The de facto Taiwanese ambassador told reporters and editors at The Washington Times that he expects the Pentagon to make the notification before Congress adjourns around Sept. 26. “I’m optimistic because we don’t think we’re going to get any opposition from the Congress,” Mr. Yuan said of the formal notification and expected 30-day congressional approval process.
Mr. Yuan disputed the widely reported arms freeze that was put in place and acknowledged by Adm. Timothy J. Keating, the U.S. Pacific Command leader.

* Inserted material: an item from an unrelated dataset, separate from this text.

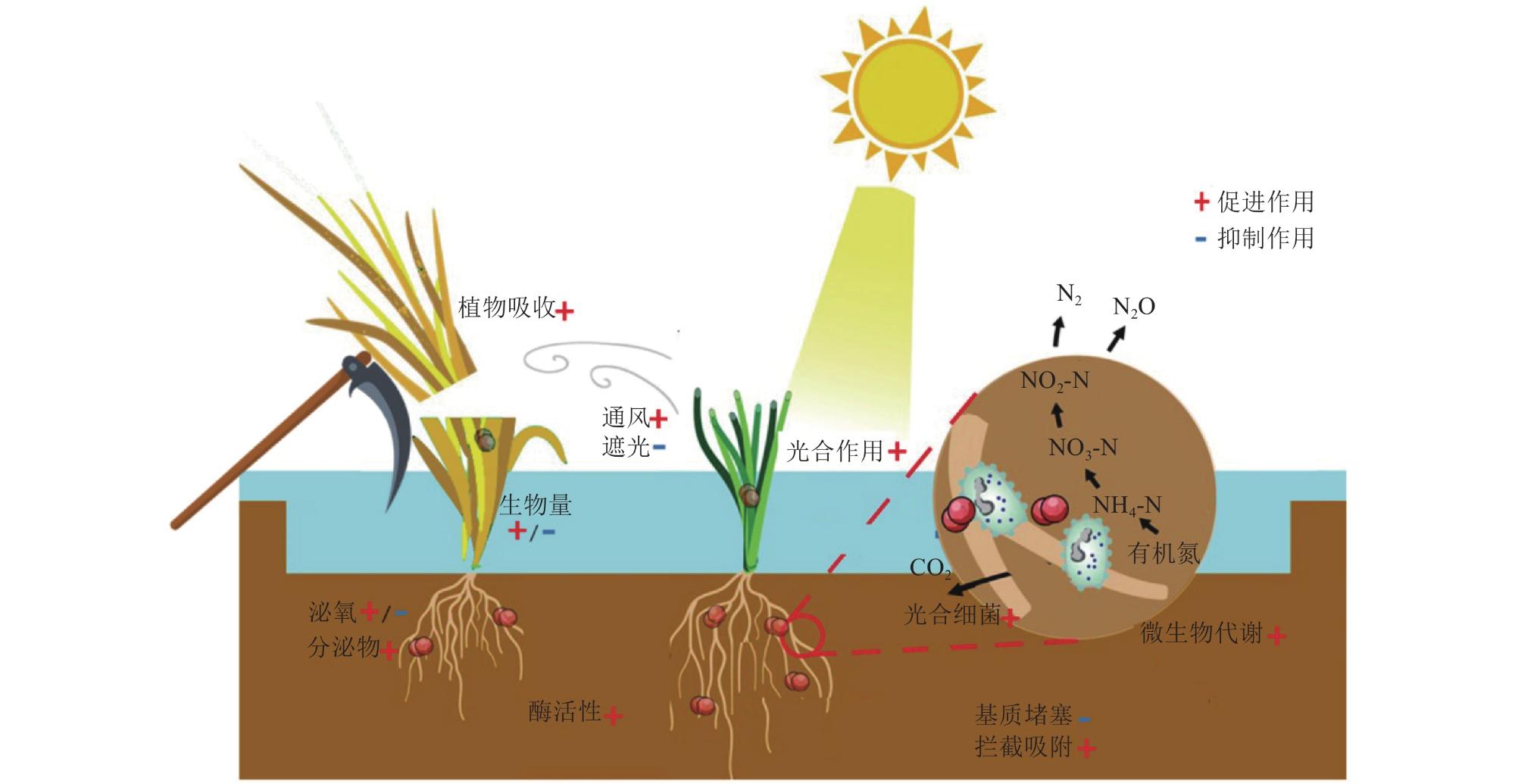 湿地植物是人工湿地系统发挥水质净化功能的重要组成部分。人工湿地中的植物枯萎后不及时收割会引发二次污染,甚至造成湿地堵塞,影响湿地系统稳定运行。本文综述了植物收割对人工湿地系统运行效果的影响,分析了植物收割影响污染物去除的机理,总结了不同种类植物的收割管理策略。植物收割对水质影响的季节性波动显著,春夏季收割可稳定提升人工湿地系统化学需氧量、总氮等污染物的去除效果,秋冬季收割则有利于总磷和氨氮的去除,但对化学需氧量、总氮的影响波动性较大。收割不仅会直接影响植物的生产力和生物学特征,还能通过改变植物根系泌氧水平、基质酶活性等间接影响湿地理化环境和微生物代谢过程,从而对植物−微生物−基质耦合作用和污染物的地球化学循环过程产生影响。植物收割对人工湿地运行的影响主要取决于收割时间、收割方式、收割频次、收割程度以及植物种类,在进行植物收割时应根据植物类型、湿地实际情况等选择适宜的收割策略。

As first reported in this space in May, the arms freeze was backed by U.S. Ambassador to China Clark T. Randt Jr., who urged President Bush to temporarily cut off sales to avoid upsetting China before the Olympics.
Mr. Yuan said political squabbling in Taiwan caused delays in approving Taipei’s arms budget, which finally passed the legislature in June.
Mr. Yuan said that after the inauguration in May of Taiwanese leader Ma Ying-jeou, the Bush administration asked for a “direct message” from Taiwan about whether the government wanted the arms.
“We made it very very clear from the top down to here,” Mr. Yuan said of Taiwan’s need for the arms deal. “We said we’re serious, [the arms budget] already passed the [Taiwan] congress. Please notify the [U.S.] Congress.”
Pentagon press secretary Geoff Morrell declined to say when the arms-sale notification would go to Congress, and he said the package remains under interagency review. “When the interagency process achieves a final decision for any specific arms sales, we will notify Congress,” he said in an e-mail.
Mr. Yuan said “time is short” for the notification and that if it is not made before Congress ends its current session, the contentious budgeting process in Taiwan will have to be repeated, beginning in January.
The arms package is expected to include most or all of the following requested arms: E-2T surveillance aircraft upgrades; Patriot PAC-3 anti-missile systems; a feasibility study for building eight diesel-electrical submarines; submarine-launched harpoon missiles; transport and attack helicopters; and a midrange anti-armor missile.
Mr. Yuan said Taiwan also had budgeted for the purchase of advanced F-16 jets to replace older Taiwanese indigenous fighters, but the Bush administration is not expected to approve jet sales until the other arms are purchased first.
All the arms are defensive weapons needed to help Taiwan engage in a dialogue with mainland China, Mr. Yuan said. “Defense items [are] the key,” he said. “If we don’t have strength, how can you open up a dialogue with them? They still have a thousand missiles aimed at us.”